2. Summary of significant accounting policies continued

The carrying amount of goodwill allocated to a cash‑generating unit, an operation within a cash‑generating unit, an associate or jointly controlled entity is included in the profit or loss on its disposal.

Intangible assets

Intangible assets are carried at cost less accumulated amortisation and accumulated impairment losses. Separately identifiable intangible assets such as patent fees, licence fees, trademarks and customer lists and relationships are capitalised on the balance sheet only when the value can be measured reliably, or the intangible asset is purchased as part of the acquisition of a business. Such intangible assets are amortised over their useful economic lives on a straight line basis. The carrying value of intangible assets is reviewed for impairment if events or changes in circumstances indicate the carrying value may not be recoverable.

Product development

Research expenditure is recognised in the year in which it is incurred. Intangible assets arising on the Group's various product development projects are recognised only if the recognition criteria of IAS 38 "Intangible Assets" are met.

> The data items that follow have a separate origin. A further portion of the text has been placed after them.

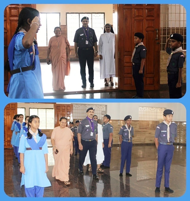 Sr Melissa, in her address, congratulated the scouts, guides and their mentors for organising the programme very creatively. She urged the students to aim higher, serve society selflessly, and draw inspiration from Sergeant Ancel DCosta, who aspires to serve the nation through the Armed Forces.
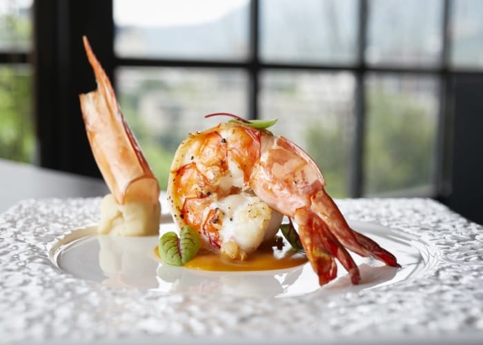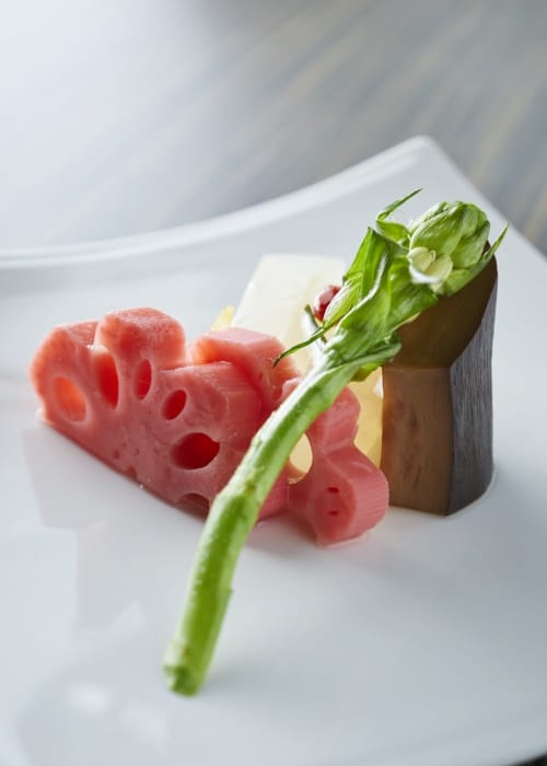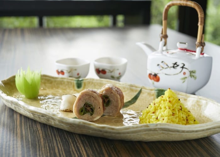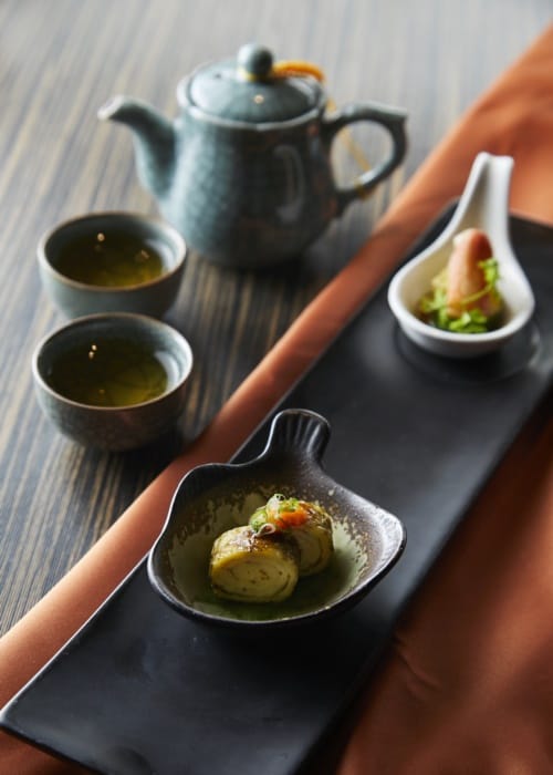 在漢卿美饌餐廳內品嘗少帥套餐,也品味張學良的養生之道。張學良嗜吃蝦,主菜當然少不了香煎明蝦,蘸上濃厚的蝦膏醬汁一同入口,味鮮美、肉Q彈,而蝦頭則有炸過的香氣,可謂色香味俱全。另一道餐點的盤子外型有如台灣,其擺盤饒富意趣,來自嘉義的豬肉捲著剝皮辣椒,擺放在盤子的中間偏下方,對應的不正是嘉義在台灣的地理位置!盤子最下方配有染上鬱金香黃的藜麥飯,而台灣的中南部正是魚米之鄉。蒸蛋包昆布、松葉蟹,一口一個,有著日式的精巧雅致。套餐最後一定有道四小姐的獨門蔬食,梅子滷的蓮藕、醬油滷的杏包菇、高湯滷的冬瓜,清爽不膩,也呼應張學良與四小姐的鄉野生活。漢卿美饌的套餐,從前菜到收尾、從擺盤到入口,一切都經過精心設計,讓吃飯同時兼顧氣質優雅。
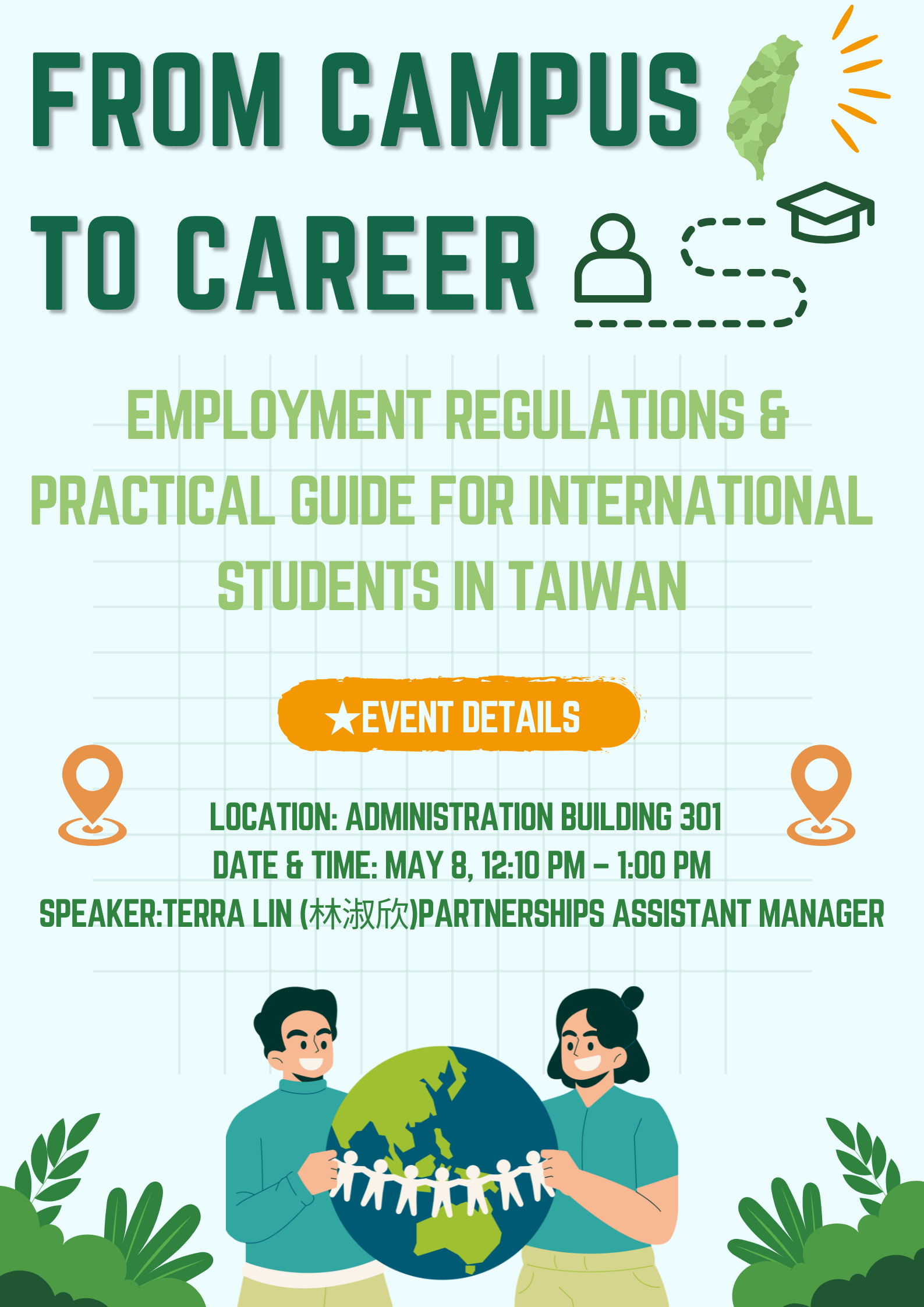 This session will cover key topics including Taiwan’s policies and regulations for international graduates, application procedures, and important tips for visa conversion. It aims to help you navigate the transition from student life to your professional career with confidence.
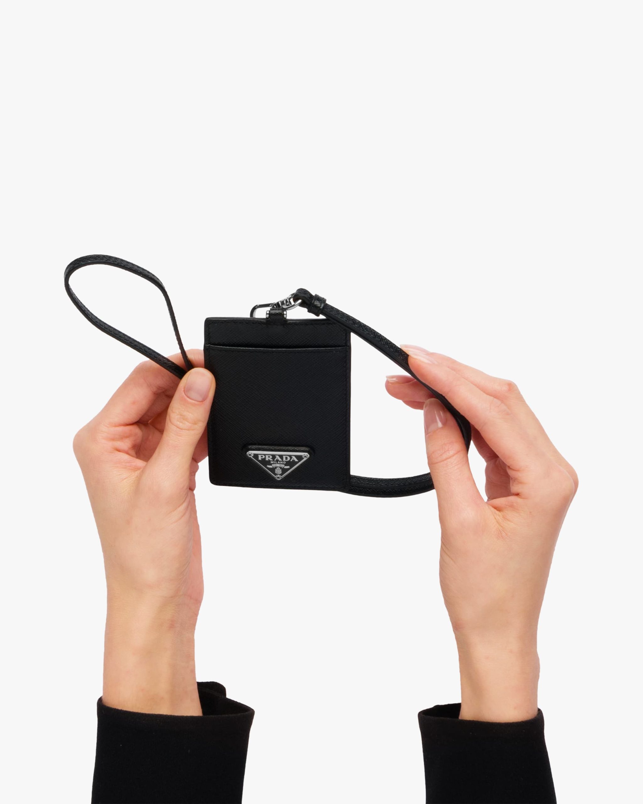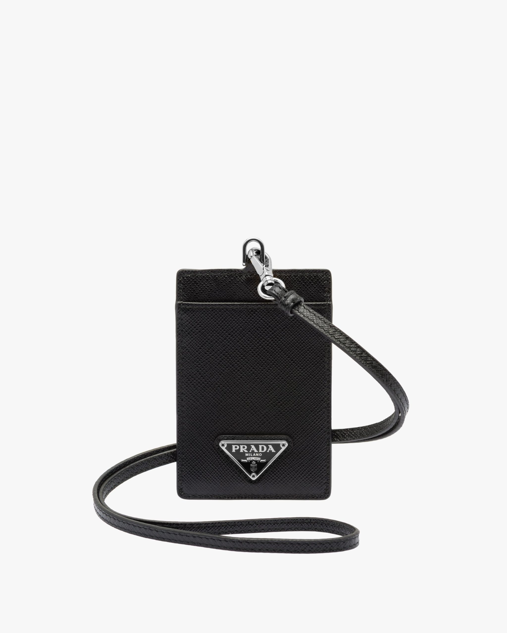 Elegant Saffiano leather badge holder with metal hardware and detachable strap.
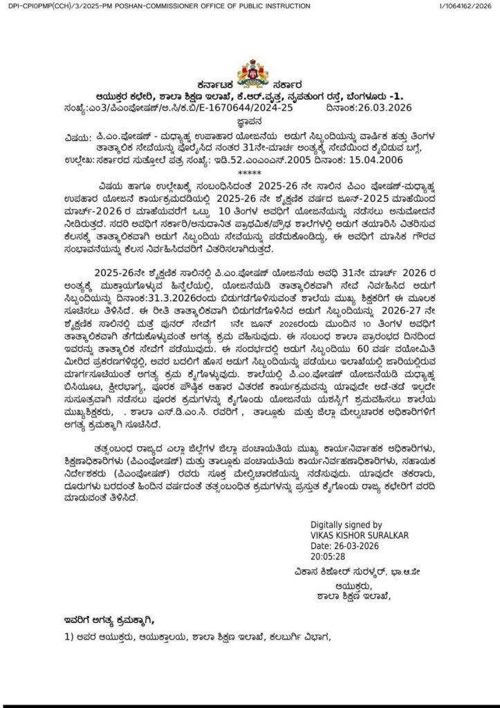 2025-26ನೇ ಸಾಲಿನಲ್ಲಿ ಜೂನ್ 2025 ರಿಂದ ಮಾರ್ಚ್ 2026ರ ವರೆಗೆ ಒಟ್ಟು 10 ತಿಂಗಳ ಅವಧಿಗೆ ಅಡುಗೆ ಸಿಬ್ಬಂದಿಯ ಸೇವೆಯನ್ನು ಪಡೆಯಲಾಗಿತ್ತು. ಇದೀಗ ಶೈಕ್ಷಣಿಕ ವರ್ಷ ಮುಕ್ತಾಯಗೊಳ್ಳುತ್ತಿರುವ ಹಿನ್ನೆಲೆಯಲ್ಲಿ ಮಾರ್ಚ್ 31, 2026 ರಂದು ಎಲ್ಲಾ ಅಡುಗೆ ಸಿಬ್ಬಂದಿಯನ್ನು ತಾತ್ಕಾಲಿಕವಾಗಿ ಬಿಡುಗಡೆಗೊಳಿಸುವಂತೆ ಶಾಲಾ ಮುಖ್ಯ ಶಿಕ್ಷಕರಿಗೆ ಇಲಾಖೆ ಕಟ್ಟುನಿಟ್ಟಿನ ಸೂಚನೆ ನೀಡಿದೆ. ತದನಂತರ ಮುಂದಿನ ಶೈಕ್ಷಣಿಕ ವರ್ಷದ ಪ್ರಾರಂಭದ ದಿನವಾದ ಜೂನ್ 1, 2026 ರಂದು ಇದೇ ಸಿಬ್ಬಂದಿಯನ್ನು ಮುಂದಿನ 10 ತಿಂಗಳ ಅವಧಿಗೆ ಮತ್ತೆ ತಾತ್ಕಾಲಿಕವಾಗಿ ಸೇವೆಗೆ ತೆಗೆದುಕೊಳ್ಳುವಂತೆ ನಿರ್ದೇಶನ ನೀಡಲಾಗಿದೆ.
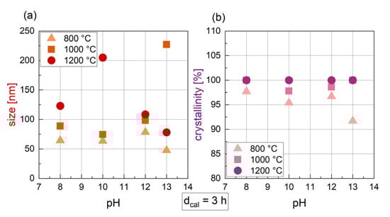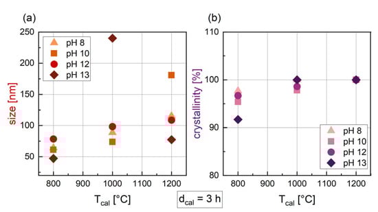 After changing the calcination temperature from 800 to 1200 °C, a small increase in crystal size can be seen for synthesis with pH 8 to 12 (Figure 3a), while for pH 13 a maximum size at Tcal = 1000 °C was found. In general, the size of particles synthesized with varying Tcal and with dcal = 3 h ranges from 47.3 nm to 240.1 nm. An increase in crystal size with rising temperature can be confirmed by the literature, with several authors reporting the same trend. Yenaso et al. [39] found an increase in size from 60 nm to 77 nm when increasing the temperature from 800 °C to 1000 °C with a pH of 14. Hu et al. [40] reported an even more pronounced increase in size from 63 nm at 800 °C to 153 nm at 1100 °C (pH = 9 and dcal = 2 h). For crystallinity (Figure 3b), a slightly increasing trend can be assumed, with higher Tcal leading to higher crystallinities. For Tcal = 1200 °C, all the samples are 100% crystalline.
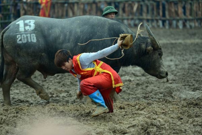 | Mỗi khi có trâu thua cuộc, màn rượt đuổi diễn ra sau đấy cũng khá căng thẳng. Người huấn luyện trâu thường phải mất tới vài phút mới tách được hai trâu ra. |
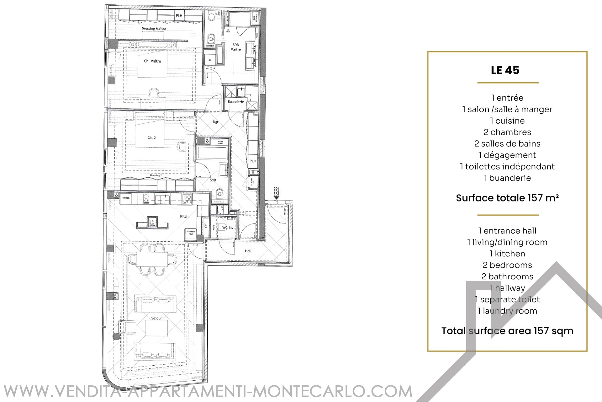 D’une surface généreuse de 157 m², ce bien a été pensé dans les moindres détails avec des matériaux de qualité supérieure et une attention particulière portée au confort, à la fonctionnalité et à l’esthétique contemporaine.

Product development costs are expensed as incurred until the technological feasibility of the product under development has been established. Technological feasibility in Spirent's circumstances occurs when a working model is completed. For software development technological feasibility is not established until the process of developing the software is complete. After technological feasibility is established, additional costs are capitalised and amortised on a straight line basis over the estimated useful life.

At 31 December 2012 and 31 December 2011 no amounts have met the recognition criteria.

Property, plant and equipment

Property, plant and equipment are stated at cost less accumulated depreciation and accumulated impairment. Depreciation is not provided on freehold land. Depreciation is provided to write off the cost, less estimated residual value, of all other assets over their estimated useful lives on a straight line basis at rates which take into account commercial conditions at their location. Usual asset lives are as follows:

Freehold buildings 50 years
Plant and machinery 3 to 8 years
Fixtures, fittings and equipment
Building installations 20 years or lease period if less
Fittings and equipment 3 to 8 years
Motor vehicles 3 to 5 years
Business systems software 4 years

The carrying values of property, plant and equipment are reviewed for impairment if events or changes in circumstances indicate the carrying value may not be recoverable.

Impairment of assets

Intangible assets with finite useful lives and property, plant and equipment are tested for impairment at each reporting date where there is an indication that an asset may be impaired. Goodwill and intangible assets with an indefinite useful life are assessed at least annually. When an impairment test is performed, the recoverable amount is assessed by reference to the higher of the net present value of the expected cash flows (value in use) of the relevant cash‑generating unit or asset and the fair value less cost to sell. In assessing value in use, the estimated future cash flows are discounted to their present value using a pre‑tax discount rate that reflects current market assessments of the time value of money and the risks specific to the asset. Where the carrying amount of an asset exceeds its recoverable amount, the asset is considered impaired and is written down to its recoverable amount. Impairment losses are recognised in the income statement in those expense categories consistent with the function of the impaired asset.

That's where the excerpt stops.